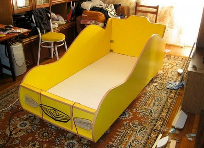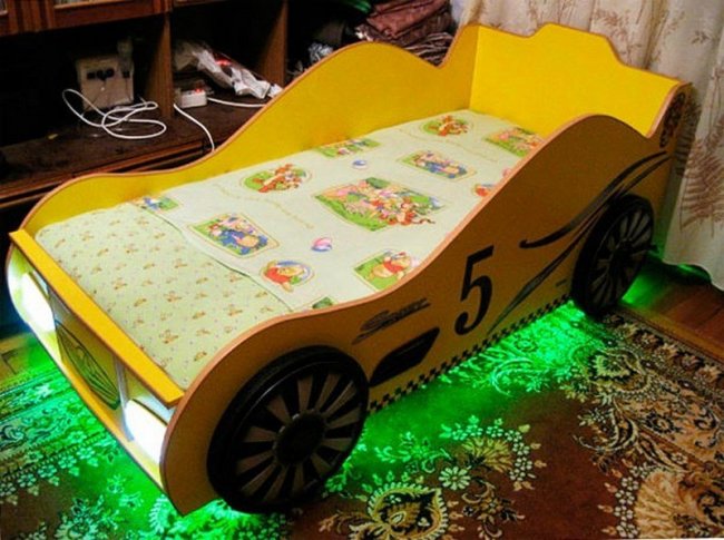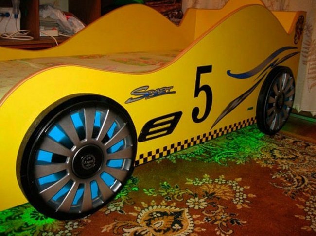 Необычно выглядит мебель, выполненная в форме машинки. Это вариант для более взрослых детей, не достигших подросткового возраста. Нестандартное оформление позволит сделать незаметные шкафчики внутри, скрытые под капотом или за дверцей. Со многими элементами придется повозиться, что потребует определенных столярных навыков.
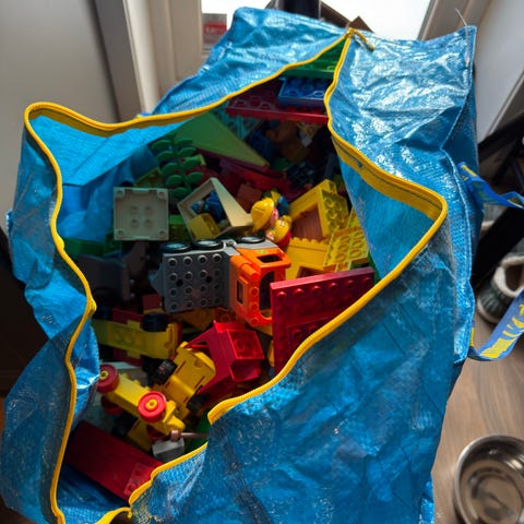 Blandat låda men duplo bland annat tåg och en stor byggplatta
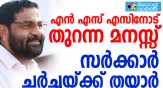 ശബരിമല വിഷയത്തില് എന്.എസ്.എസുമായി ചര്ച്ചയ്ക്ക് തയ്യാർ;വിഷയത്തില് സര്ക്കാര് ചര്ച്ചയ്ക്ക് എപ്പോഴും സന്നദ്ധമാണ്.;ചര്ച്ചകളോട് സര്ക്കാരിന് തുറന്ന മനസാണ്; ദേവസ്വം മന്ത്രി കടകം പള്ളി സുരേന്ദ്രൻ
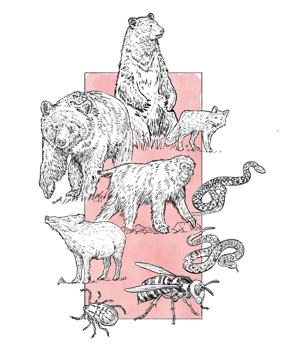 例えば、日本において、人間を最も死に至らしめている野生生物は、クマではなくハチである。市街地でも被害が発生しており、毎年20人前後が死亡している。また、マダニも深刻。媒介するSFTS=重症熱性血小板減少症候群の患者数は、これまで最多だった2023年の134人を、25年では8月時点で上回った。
-------
When you repeat the listing, keep it exact and leave the pictures behind.

### Response box
 Необычно выглядит мебель, выполненная в форме машинки. Это вариант для более взрослых детей, не достигших подросткового возраста. Нестандартное оформление позволит сделать незаметные шкафчики внутри, скрытые под капотом или за дверцей. Со многими элементами придется повозиться, что потребует определенных столярных навыков.
 Blandat låda men duplo bland annat tåg och en stor byggplatta
 ശബരിമല വിഷയത്തില് എന്.എസ്.എസുമായി ചര്ച്ചയ്ക്ക് തയ്യാർ;വിഷയത്തില് സര്ക്കാര് ചര്ച്ചയ്ക്ക് എപ്പോഴും സന്നദ്ധമാണ്.;ചര്ച്ചകളോട് സര്ക്കാരിന് തുറന്ന മനസാണ്; ദേവസ്വം മന്ത്രി കടകം പള്ളി സുരേന്ദ്രൻ
 例えば、日本において、人間を最も死に至らしめている野生生物は、クマではなくハチである。市街地でも被害が発生しており、毎年20人前後が死亡している。また、マダニも深刻。媒介するSFTS=重症熱性血小板減少症候群の患者数は、これまで最多だった2023年の134人を、25年では8月時点で上回った。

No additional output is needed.